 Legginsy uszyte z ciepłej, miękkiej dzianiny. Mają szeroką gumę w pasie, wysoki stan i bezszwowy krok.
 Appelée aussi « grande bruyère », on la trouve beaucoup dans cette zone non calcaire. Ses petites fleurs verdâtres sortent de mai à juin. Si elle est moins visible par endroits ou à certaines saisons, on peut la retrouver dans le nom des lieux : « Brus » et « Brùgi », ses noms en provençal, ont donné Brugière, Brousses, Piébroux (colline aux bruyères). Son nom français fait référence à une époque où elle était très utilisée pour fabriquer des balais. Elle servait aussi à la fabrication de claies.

########

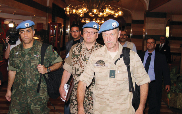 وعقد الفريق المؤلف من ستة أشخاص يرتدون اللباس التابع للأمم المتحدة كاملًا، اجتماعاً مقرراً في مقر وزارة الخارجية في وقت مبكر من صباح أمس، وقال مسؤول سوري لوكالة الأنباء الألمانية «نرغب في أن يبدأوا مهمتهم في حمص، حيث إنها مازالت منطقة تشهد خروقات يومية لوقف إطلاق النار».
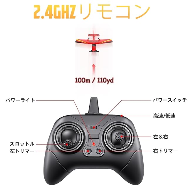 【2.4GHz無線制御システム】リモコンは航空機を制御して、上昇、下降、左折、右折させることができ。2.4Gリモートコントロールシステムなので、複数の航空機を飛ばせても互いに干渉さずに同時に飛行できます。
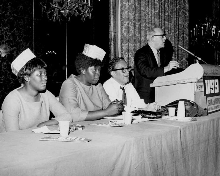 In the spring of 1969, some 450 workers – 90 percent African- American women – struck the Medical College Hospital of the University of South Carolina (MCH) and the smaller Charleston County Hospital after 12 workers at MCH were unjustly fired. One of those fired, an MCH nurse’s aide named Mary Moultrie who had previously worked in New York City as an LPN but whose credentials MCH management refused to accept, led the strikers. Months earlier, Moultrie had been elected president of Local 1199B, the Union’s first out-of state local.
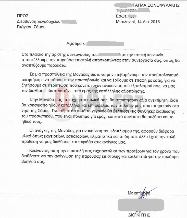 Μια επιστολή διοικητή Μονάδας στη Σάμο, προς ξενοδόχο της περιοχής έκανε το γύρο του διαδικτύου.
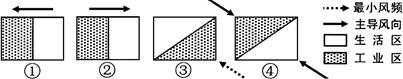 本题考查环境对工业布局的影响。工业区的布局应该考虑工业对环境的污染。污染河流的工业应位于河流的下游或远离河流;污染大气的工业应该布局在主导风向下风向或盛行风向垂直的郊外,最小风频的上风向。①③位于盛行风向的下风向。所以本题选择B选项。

########

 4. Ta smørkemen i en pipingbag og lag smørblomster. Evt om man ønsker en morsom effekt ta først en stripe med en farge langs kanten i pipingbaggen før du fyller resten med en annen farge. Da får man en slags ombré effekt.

########

- AIM OF THE EXERCISE
Find the line with "Μια επιστολή διοικητή" and the line with "本题考查环境对工业布局的影响" in the records above. Copy both and all lines between them exactly, without pictures.

- EXERCISE RESPONSE
 Μια επιστολή διοικητή Μονάδας στη Σάμο, προς ξενοδόχο της περιοχής έκανε το γύρο του διαδικτύου.
 本题考查环境对工业布局的影响。工业区的布局应该考虑工业对环境的污染。污染河流的工业应位于河流的下游或远离河流;污染大气的工业应该布局在主导风向下风向或盛行风向垂直的郊外,最小风频的上风向。①③位于盛行风向的下风向。所以本题选择B选项。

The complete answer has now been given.